Far Cry 2 is characterisation done right. Uncharted 2 is Characterisation done right. Gears is characterisation done wrong, Darksiders is characterisation done wrong.

 Characters, at least in my book are not all generic Mary-sue. Everyone in the world has a certain amount of uniqueness to them, everyone has a story. Games with any shred of narrative structure should reflect this. It's almost Lit 101 grade basics here. Movies came to grasp with this, theatre REVOLVES around character, hell even anime/manga as a whole has a concept of how characterising works ( though typecasting is common, but it's still stronger writing than most games).

Characterising , in my books is the one area of game narrative that is being held back continually. It's probably the one thing stopping the progression of games as a progressive medium towards the realms of artistic recognition, and away from comic book territory. There is hope, as long as Bioware and Valve keep doing their thing, we may still cling to the hope the industry wakes up to realise that Rounded characters from design to execution are MUCH better for them than, say , Genenric overarmoured grunt, generic space marine, generic soldier (with insert twist), generic fantasy group, generic space travellers. Good design means you could Have ANY of those archetypes, but you can layer one detail of history, ideals , emotions, traits.

Guiltier than Gear and Halo though, are games featuring Modern day soldiers.
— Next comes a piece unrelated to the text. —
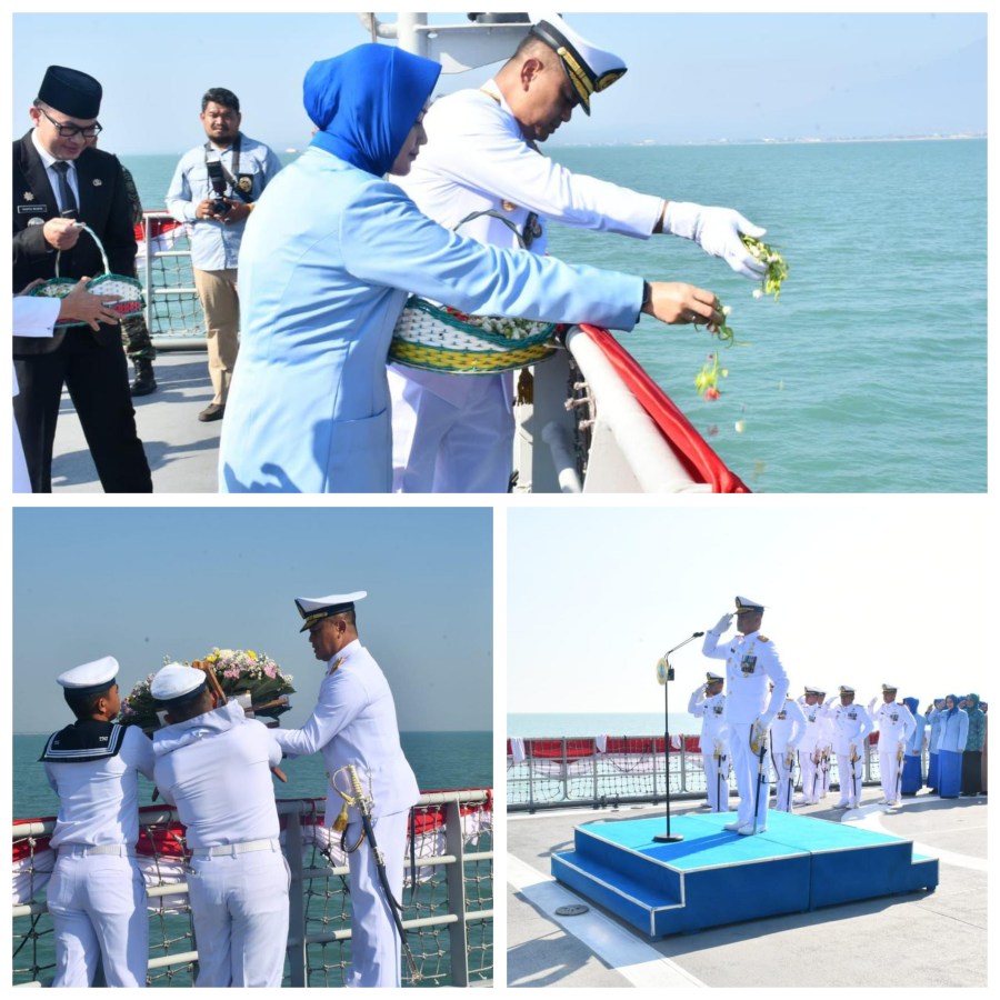 Sebagai wujud penghormatan terhadap jasa para pahlawan yang telah gugur dalam tugas di pertempuran laut Cirebon, TNI AL menggelar Upacara Tabur Bunga yang merupakan rangkaian dalam peringatan Hari Ulang Tahun (HUT) TNI AL yang jatuh pada tanggal 10 September 2024 mendatang, di atas Geladak KRI Bung Karno-369 yang sedang berlayar di Perairan Teluk Cirebon, Rabu (4/9/2024).

Not joking, they are literally the shallowest of the charaxcter archetypes. Rarely do you get more than an "oh he's here, he's from X, he's here to Y".
Soldiers are people too, I should know, I know a few, and they all have personalities. When they get together, they have ways of speaking that aren't just text-book military lexicon. Especially in Military groups like Spec Ops or at the squad level, interactions between people is on a much more personable level than games lead you to believe. Game soldiers are, as a whole, cardboard thin cutouts of what soldiers embody. Granted, soldiering is their job, but like all jobs, that's not al lthat defines them, even "lifers".

I think, and I know I'm going to get rozzered for this, Rainbow Six, even Vegas are about the closest I've seen to characterisation in any Modern Day shooter. This maybe because Tom Clancy penned the original script to work off of, but there is enough character to even the NEW Rainbow Soldiers (Logan, Bishop, Kan, etc) to not worry about mary-sue syndrome. Every character has backstory, and even though the games aren't focused around character interaction much at all ,and game tech limited greatly how much visual characterization each had, every rainbow operative has backstory, a height ,weight, build, traits, things he/she excels at, things he/she fails at, and though All the games up to Lockdown couldn't visually or aurally express the difference, the AI for each handled differently, which in the game's scope was enough. Of course Lockdown and Vegas had proper characterising, complete with graphics and speech to boot, which was probably their only strengths, but my point remains the same. Rainbow Six - Best Character portrayals in modern shooters given it's scope.
Now imagine what you could do with a good script write, and today's game tech.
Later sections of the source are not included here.